Coinbase announces they are “on track to become a US-regulated blockchain securities trading venue”.
After their recent unveiling of a suite of institutional-level financial products, Coinbase announced today that they are “on track to operate a regulated broker-dealer, pending approval by federal authorities.”
- I don’t think Coinbase would make a public announcement like this if they weren’t fairly certain that the SEC and FINRA are on their side. Similarly, Coinbase wouldn’t spend millions of dollars on R&D for their institutional products if no one would be able to use them.
- The announcement also suggests that Coinbase is interested in listing more SEC-approved crypto assets in the future. Currently, the majority of PoS ERC-20 tokens in existence can be classified as securities. NEXO is one token that claims to be SEC-compliant. Crypto assets that use a PoW consensus algorithm with no premine (BTC, LTC, XMR, etc.) are also not being scrutinized by the SEC.

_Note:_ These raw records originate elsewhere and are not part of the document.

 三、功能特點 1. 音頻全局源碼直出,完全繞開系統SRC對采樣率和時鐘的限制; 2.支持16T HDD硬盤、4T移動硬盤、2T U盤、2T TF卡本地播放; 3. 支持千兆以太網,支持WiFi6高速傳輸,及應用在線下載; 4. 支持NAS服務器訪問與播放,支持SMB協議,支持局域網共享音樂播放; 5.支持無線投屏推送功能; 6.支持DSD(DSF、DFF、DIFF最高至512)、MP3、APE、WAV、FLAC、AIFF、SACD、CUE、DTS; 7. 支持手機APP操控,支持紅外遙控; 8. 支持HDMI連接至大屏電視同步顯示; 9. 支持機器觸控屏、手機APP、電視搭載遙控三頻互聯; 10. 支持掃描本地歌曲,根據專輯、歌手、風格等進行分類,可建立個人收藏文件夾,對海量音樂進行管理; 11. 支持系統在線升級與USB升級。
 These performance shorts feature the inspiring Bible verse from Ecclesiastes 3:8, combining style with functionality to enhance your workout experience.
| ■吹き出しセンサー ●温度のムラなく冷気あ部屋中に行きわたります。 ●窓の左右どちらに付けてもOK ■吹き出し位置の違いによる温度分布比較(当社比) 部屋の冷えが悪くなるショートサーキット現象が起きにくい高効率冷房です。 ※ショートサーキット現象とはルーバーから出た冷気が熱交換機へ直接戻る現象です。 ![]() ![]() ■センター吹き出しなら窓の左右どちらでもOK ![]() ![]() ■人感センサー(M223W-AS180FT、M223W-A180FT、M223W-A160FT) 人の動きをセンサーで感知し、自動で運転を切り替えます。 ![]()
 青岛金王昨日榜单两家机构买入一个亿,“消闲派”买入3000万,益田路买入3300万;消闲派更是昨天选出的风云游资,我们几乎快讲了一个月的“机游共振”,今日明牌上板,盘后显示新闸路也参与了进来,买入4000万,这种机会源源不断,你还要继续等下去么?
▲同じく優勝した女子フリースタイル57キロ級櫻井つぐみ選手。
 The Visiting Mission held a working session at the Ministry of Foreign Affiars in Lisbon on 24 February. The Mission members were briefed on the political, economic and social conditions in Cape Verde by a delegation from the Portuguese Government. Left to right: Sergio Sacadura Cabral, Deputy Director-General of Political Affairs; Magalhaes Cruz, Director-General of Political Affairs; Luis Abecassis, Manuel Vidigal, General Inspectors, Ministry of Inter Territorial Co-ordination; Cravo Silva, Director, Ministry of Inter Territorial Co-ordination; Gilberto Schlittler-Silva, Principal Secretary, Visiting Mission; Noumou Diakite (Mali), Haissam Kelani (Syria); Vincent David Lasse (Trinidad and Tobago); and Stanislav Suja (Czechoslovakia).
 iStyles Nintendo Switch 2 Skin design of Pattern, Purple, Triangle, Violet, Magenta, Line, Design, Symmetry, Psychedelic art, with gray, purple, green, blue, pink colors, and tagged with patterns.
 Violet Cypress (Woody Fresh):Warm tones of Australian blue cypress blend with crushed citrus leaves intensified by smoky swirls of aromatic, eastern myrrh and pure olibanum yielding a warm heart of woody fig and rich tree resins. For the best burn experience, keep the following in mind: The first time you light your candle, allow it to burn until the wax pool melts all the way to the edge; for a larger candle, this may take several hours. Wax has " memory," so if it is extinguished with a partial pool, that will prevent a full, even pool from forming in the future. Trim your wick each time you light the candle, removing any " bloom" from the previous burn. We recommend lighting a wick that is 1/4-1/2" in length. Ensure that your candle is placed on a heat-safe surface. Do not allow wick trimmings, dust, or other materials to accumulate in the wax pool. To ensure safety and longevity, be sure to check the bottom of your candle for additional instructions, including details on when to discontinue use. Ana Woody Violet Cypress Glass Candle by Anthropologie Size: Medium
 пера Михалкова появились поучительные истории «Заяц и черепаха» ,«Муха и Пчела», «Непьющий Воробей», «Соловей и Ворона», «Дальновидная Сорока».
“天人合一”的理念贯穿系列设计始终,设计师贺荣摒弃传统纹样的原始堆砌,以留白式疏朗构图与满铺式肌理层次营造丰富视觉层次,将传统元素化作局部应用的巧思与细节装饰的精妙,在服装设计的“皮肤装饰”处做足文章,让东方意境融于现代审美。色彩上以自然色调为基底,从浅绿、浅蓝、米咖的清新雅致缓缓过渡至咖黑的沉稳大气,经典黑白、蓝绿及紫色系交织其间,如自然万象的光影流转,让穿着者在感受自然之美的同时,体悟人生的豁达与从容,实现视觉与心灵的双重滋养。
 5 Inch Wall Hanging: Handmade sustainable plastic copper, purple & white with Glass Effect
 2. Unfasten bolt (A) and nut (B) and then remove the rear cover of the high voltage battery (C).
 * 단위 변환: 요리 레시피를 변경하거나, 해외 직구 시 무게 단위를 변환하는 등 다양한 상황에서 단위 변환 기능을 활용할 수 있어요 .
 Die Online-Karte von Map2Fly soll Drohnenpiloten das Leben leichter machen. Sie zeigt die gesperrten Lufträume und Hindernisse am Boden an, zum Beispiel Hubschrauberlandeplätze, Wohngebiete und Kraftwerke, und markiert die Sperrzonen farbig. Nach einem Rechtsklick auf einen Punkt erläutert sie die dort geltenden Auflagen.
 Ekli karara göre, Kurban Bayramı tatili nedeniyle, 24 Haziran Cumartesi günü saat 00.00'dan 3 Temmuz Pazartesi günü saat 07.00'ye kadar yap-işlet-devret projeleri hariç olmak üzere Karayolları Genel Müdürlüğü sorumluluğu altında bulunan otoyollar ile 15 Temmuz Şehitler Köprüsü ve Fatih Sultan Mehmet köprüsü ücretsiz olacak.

- Coinbase also stated that they “envision a world where we may even work with regulators to tokenize existing types of securities.” Okay, they definitely wouldn’t say something like this if they didn’t have some kind of positive support from the government.
Mike Novogratz, CEO of Galaxy Digital Capital Management, claims institutional money is preparing to move into the cryptocurrency market.
In an interview with Bloomberg, Mike Novogratz made a very bold claim — institutional money is hungrily waiting on the sidelines, and the crypto market will hit $20 trillion USD before the bubble bursts.
- The term “institutional money” is intentionally vague. In my opinion, institutional-level money has already been in the game for a long time, but not for the same reasons as retail investors. Instead of creating value and nurturing the market, I think the current class of institutional investors are in the business of extracting as much value as they can before regulations come into play.
- This statement comes at an interesting time. Back in March, Coinbase announced Coinbase Asset Management and the Coinbase Index Fund. This product, which requires a minimum investment of $250,000, is only open to accredited investors in the USA. I’d consider $250,000 to be institutional-level money, albeit on the lower side. More recently, Coinbase revealed more about it’s institutional suite of blockchain-based financial products. Institutional this, institutional that. I think institutional something is coming.
- Yesterday, Jay Clayton, the chairman of the United States SEC, made a statement saying BTC is not a security. I suppose we all knew this already, but it’s nice to get some clarity on the issue. On the other hand, Clayton made it seem like ETH and XRP are now being considered as securities. I think the SEC needs to stop evaluating new asset classes with established rules. In the past, there were no assets that could be classified as what we now call “utility tokens” now. ETH and XRP are required for the utility of their respective networks. The rules need to be changed.